Fare previsioni è sempre rischioso o addirittura sciocco. Ma io sono pressoché convinto che, quando le acque si ricalmeranno, com'è inevitabile, nel giro di uno, due o tre mesi risulterà chiaro che gli interessi occidentali e israeliani in medio oriente saranno stati minati, mentre quelli anti occidentali e anti israeliani si saranno rafforzati. Analogamente, apparirà altrettanto chiaro che i regimi che sono per natura e tradizione estremamente brutali e spietati, come quelli dell'Iran, della Siria e forse della Libia, saranno riusciti a superare la tempesta, mentre i regimi più moderati saranno stati rovesciati.

di Benny Morris

    Pubblichiamo alcuni stralci di un articolo apparso su The National Interest.

    Fare previsioni è sempre rischioso o addirittura sciocco. Ma io sono pressoché convinto che, quando le acque si ricalmeranno, com'è inevitabile, nel giro di uno, due o tre mesi risulterà chiaro che gli interessi occidentali e israeliani in medio oriente saranno stati minati, mentre quelli anti occidentali e anti israeliani si saranno rafforzati. Analogamente, apparirà altrettanto chiaro che i regimi che sono per natura e tradizione estremamente brutali e spietati, come quelli dell'Iran, della Siria e forse della Libia, saranno riusciti a superare la tempesta, mentre i regimi più moderati e più disposti ad accettare un processo di liberalizzazione saranno stati rovesciati oppure avranno dovuto concedere terreno e potere agli elementi anti occidentali e spesso islamisti presenti all'interno di ogni paese medio orientale.

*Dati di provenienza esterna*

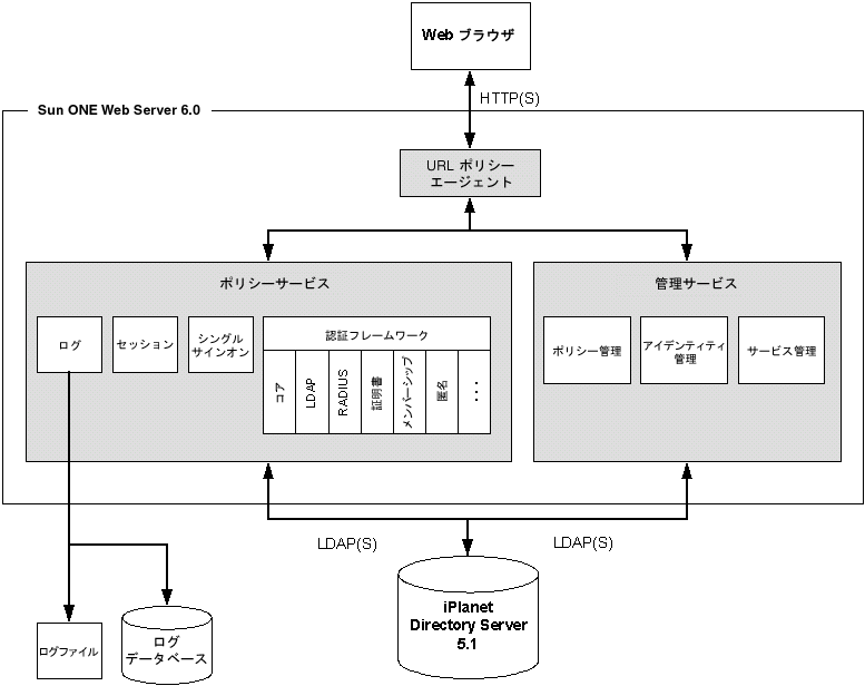 Sun ONE Web Server は、製品 CD にスタンドアロン製品として含まれてはいませんが、Identity Server ソリューションの重要部分です。Sun ONE Web Server は、ポリシーサービスと管理サービスのインストール時に自動的にインストールされ設定されます。バックグラウンドで動作するこの専用 Web Server インスタンスは、ポリシーの適用、アイデンティティの管理、およびサービス管理のためのエンジンを提供します。また、グラフィカルユーザインタフェースも提供します。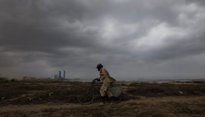 A fisherman walks with his bicycle with rain clouds in the background, before the arrival of cyclonic storm Biparjoy, over the Arabian Sea, in Karachi, June 15, 2023. — Reuters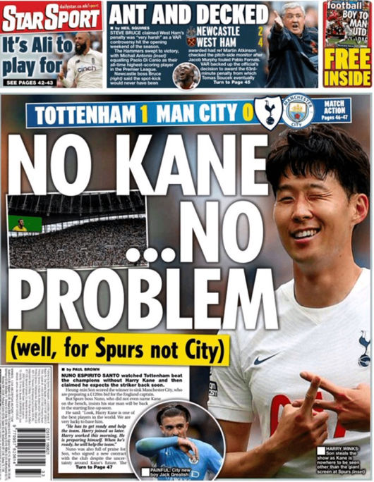 ‘데일리 스타’는 스포츠면 1면에서 ‘No Kane No problme’(케인 없어도 문제 없다)의 제목과 함께 손흥민의 골세리머니 사진을 실었다. 이 매체는 “물론 토트넘에게 하는 말이다. 맨시티에게는 아니다”라고 덧붙이며 맨시티행을 원하는 케인을 비꼬았다.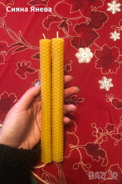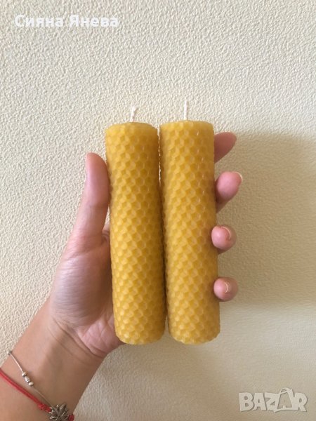 дравейте, представям Ви едно семпло и уютно предложение, направено с много любов. Ръчно направени восъчни свещи, от пчелни восъчни листи. Фитилът е 100 процента памук. Дори питата е излята и направена ръчно от мен, а восъкът е от баща ми, който е пчелар. Естествени и красиви. Не димят, нямат лош аромат, а само прекрасна нотка на истински мед и восък. Дейстават за успокоение, пречистване на въздуха, защита, хармония, любов и уют в дома. Едва след поръчка се правят специално за вас. Могат да стоят години като декорация, само трябва да са на непряка слънчева светлина, ако е за по-дълго, защото са от 100% пчелен восък и от силна топлина си променят цвета. 💛Цената на двата стандартни вида е 1.60 евро за брой свещ, а на големите с 3 евро за брой.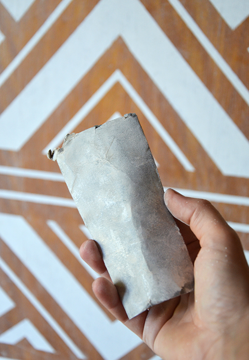 A szalagot kb. 10 perc után húztam le, akkor még picit nedves volt a festék. Teljes száradás után finom csiszolópapírral az egész felületet átcsiszoltam: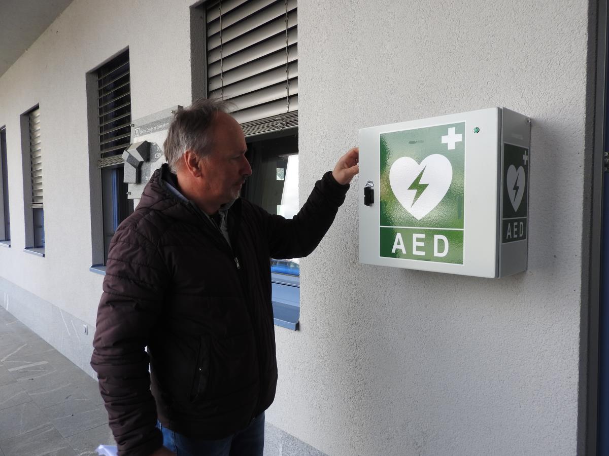 Nov defibrilator pred vhodom v Zdravstveni dom Cerklje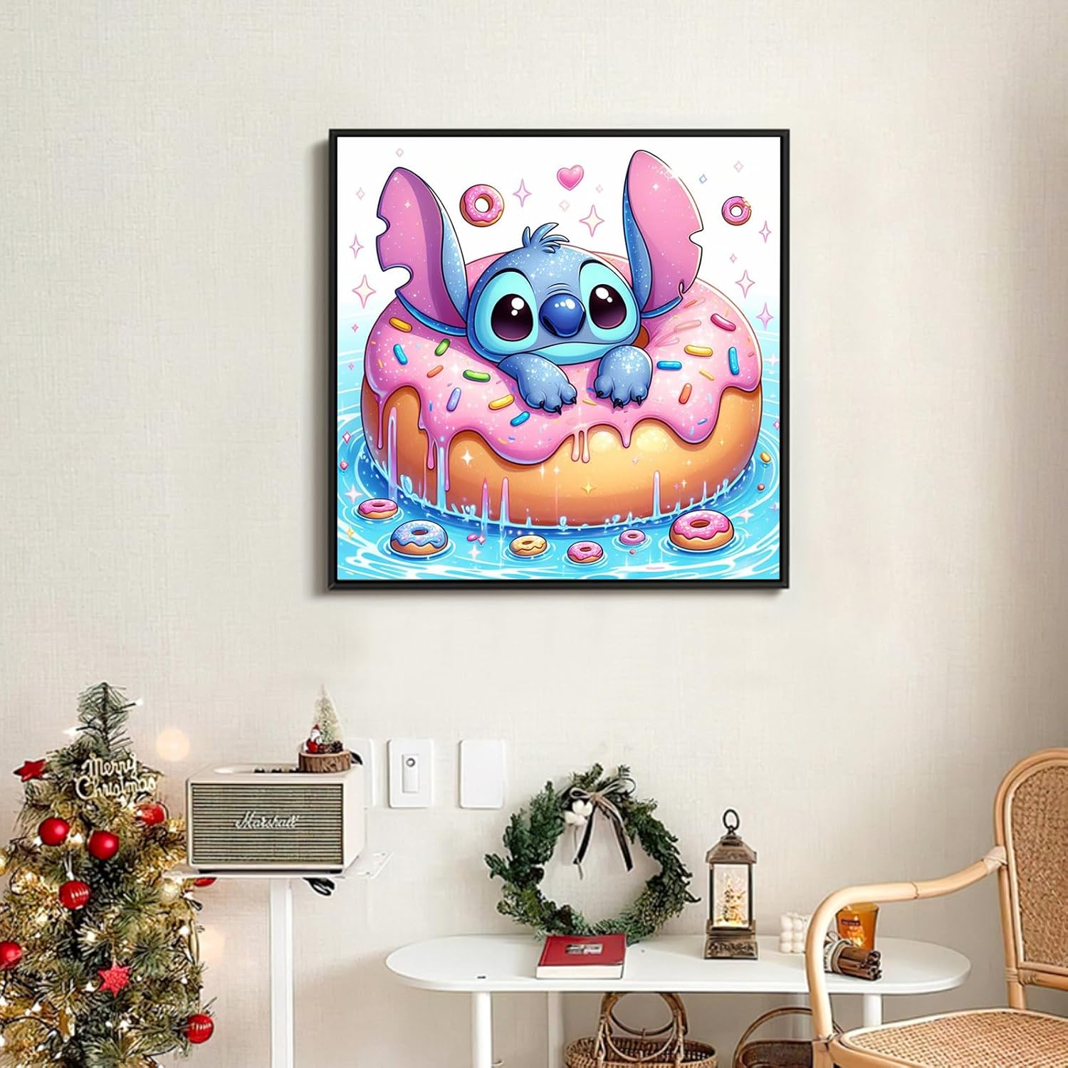 Okarina Stitch Diamond Art Kits for Adults Beginners – Stitch DIY 5D Cartoon Full Drill Round Diamond Gem Art Painting Crafts Kits for Home Wall Decor Gifts 12x12inch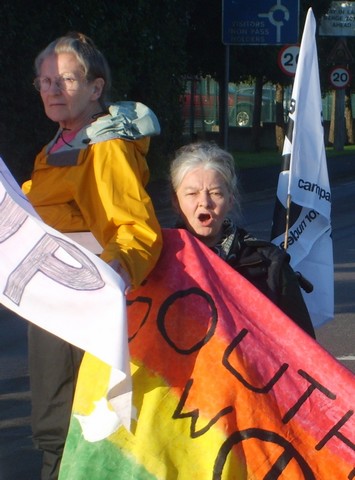 Police eventually arrived and had to divert traffic for a further hour, until the police cutting team finally arrived. At this point, the blockaders and their supporters agreed to leave, given that most workers had already entered the base. They were able to keep all their banners, ladders and other blockading equipment.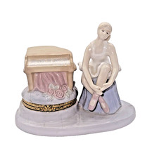 VTG Rare Spanish Style Porcelain Ballerina with Piano Medium Hinged Trinket Box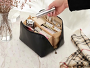 Eco-leather cosmetic bag with handle. Spacious interior with compartments guarantees easy access and safe storage of cosmetics and accessories. Practical for travel and everyday use.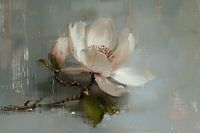 Magnolia in Japandi stijl, pastelkleuren. Kies zelf het formaat en materiaal bij dit werk en maak het helemaal passend voor jouw interieur.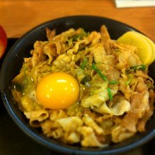 今日の昼は、すた丼高田馬場店で、期間限定のばくだんすた丼でした。

    I regimi che sono già crollati o che stanno per farlo sono quelli del Libano, della Tunisia, dell'Egitto, dello Yemen, della Giordania e quelli degli stati del Golfo. La gente tende a dimenticare che il Libano, e non la Tunisia, è stato il primo paese a scaldarsi, anche se in questo caso la scintilla è stata data da un'azione radicale, non da concrete violenze nelle strade. Negli stati del Golfo con un vasta popolazione sciita (come il Bahrein, dove gli sciiti rappresentano la stragrande maggioranza), l'influenza iraniana aumenterà notevolmente, e in qualche caso potrebbe addirittura diventare predominante. Rimane ancora da stabilire quali ripercussioni si avranno in Arabia Saudita, in particolare a causa della sua vasta minoranza sciita. In questi ultimi giorni non si è parlato granché del coinvolgimento iraniano nelle rivolte del Bahrein, ma sono convinto che deve essere stato piuttosto intenso. In tutti gli altri paesi (Libano, Egitto, Algeria, Tunisia, Iraq, Giordania e Yemen), l'aiuto alla guerra americana contro il terrorismo si ridurrà notevolmente o scomparirà del tutto, in quanto i nuovi regimi si inchineranno davanti alla volontà popolare e a quella dei partiti musulmani o laici anti occidentali.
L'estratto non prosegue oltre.